I went back to Coron in April 2008 simply because the first time I was there, I did not get to see the beaches, the lakes or the islands. It rained most of the time the last time I was there and I spent my days just lounging around in my quaint little room in the main house of Darayonan Lodge reading magazines and having massages and manicures and pedicures. I took the SuperFerry again. Again, I was on the wait list at the booking office. Again, I took the top deck. Again I made a friend at the office while waiting and his name was Owen. He had a group of people and I wanted to come along with them so I could go see the islands, the lakes, the beaches and all that. This time though I paid more than P2,000. They told us the boat was full, that I was even lucky to get onboard. Didn’t matter whether I paid almost thrice for the same accommodation and that I along with the others on the wait list had to wait for almost three hours in the lobby for the receptionist to give us a bunk.

I went back to Coron in June 2008. I took the Super Ferry again. I was traveling with my husband and a lot of friends this time.  More than half of them took bunks in the tourist section because it was air-conditioned, it was cleaner and actually, so much nicer. I still took the top deck – the red deck.
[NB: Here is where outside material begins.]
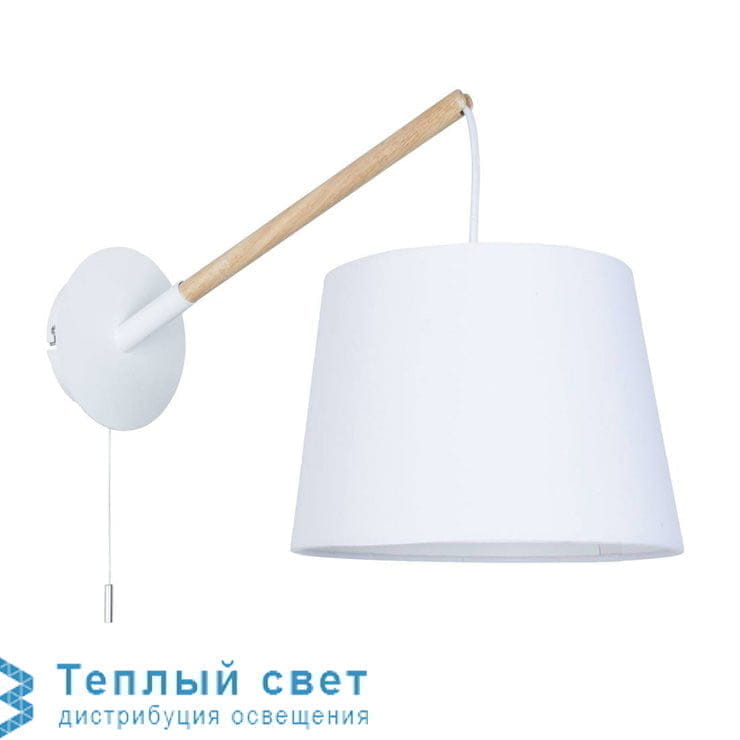 Аппликация коллекции Corep Scandi, состоящая из металлической круглой металлической настенной монтажной основы с расключением, трубчатой рукой в легкой древесине и тренированный барабанный оттенок. Хлопок.

Passengers at the Superferry railing

Passengers at the Superferry railing

On my first trip to Coron, I flew back to Manila via Asian Spirit. On the second trip, I took a boat called the Asian Fairy to El Nido and then from El Nido took the I.T.I. plane back to Manila. On my third trip, I took the Super Ferry back. I still took the red deck.

The red deck.

The red deck has metal bunks painted in red. It is open-air. It can get either really windy or really hot and stuffy. It is easy to get sea-sick as you can feel the movement of the ship the most in the top deck. It is also where animals like roosters, chickens and birds can be kept. Smoking is allowed in the red deck. That being said, it can get noisy and stinky in the red deck. But I always have and will always take the red deck no matter what anyone says.

Because…

In the red deck, you have a 180-degree view, it is easier to see what is going on. It is also easy open and wider.

Every time I took the boat I always thought about what I would do and what would happen if ever we had to abandon ship. I always checked out where the life vests and rafts were. I always checked out where the emergency exits where. I always thought the top deck was the safest. No cramped hallways. No stifling walls. It provided the easiest way of getting out.

“As dawn broke in waters off the Zamboanga peninsula on a clear day, the SuperFerry 9 had capsized, according to officials, leaving at least twelve people dead in the panic and scramble for the exits.”

Panic. In times like this, panic is everybody’s worst enemy. The ship took hours to sink. There was no need for panic. It was a clear day with calm seas, a generally good weather. There weren’t big waves or rain to make evacuation or rescue worse. I hate panic.

And the most appalling of all…

“Survivor Raffy Borro said it was his first time to see babies and children thrown out to the water as their mothers cried.”

I was, WTF?!

I spent the rest of the day thinking, trying to understand why these mothers thought it was best to throw their babies and children out to the waters. Did they think they were gonna float on their own? Did they think other people were gonna take pity on them and save them first? I was so angry.

If I were on a boat with my child and we were told to abandon the vessel, the last thing I would do is throw my child into the sea and spend the next hours wondering how or where she is. In fact, I would not let my child out of my sight or out of my reach. I will keep her safe and she is safest with me. A human’s natural tendency is to put himself or herself first and so in a time of such panic, one is not to depend on anybody else but himself. A human mother’s natural tendency is to put her child first – unless she is so freakin stupid. Yes I am still angry. In fact, I don’t think I will get over it.

I hate panic but I hate stupid selfish parents more.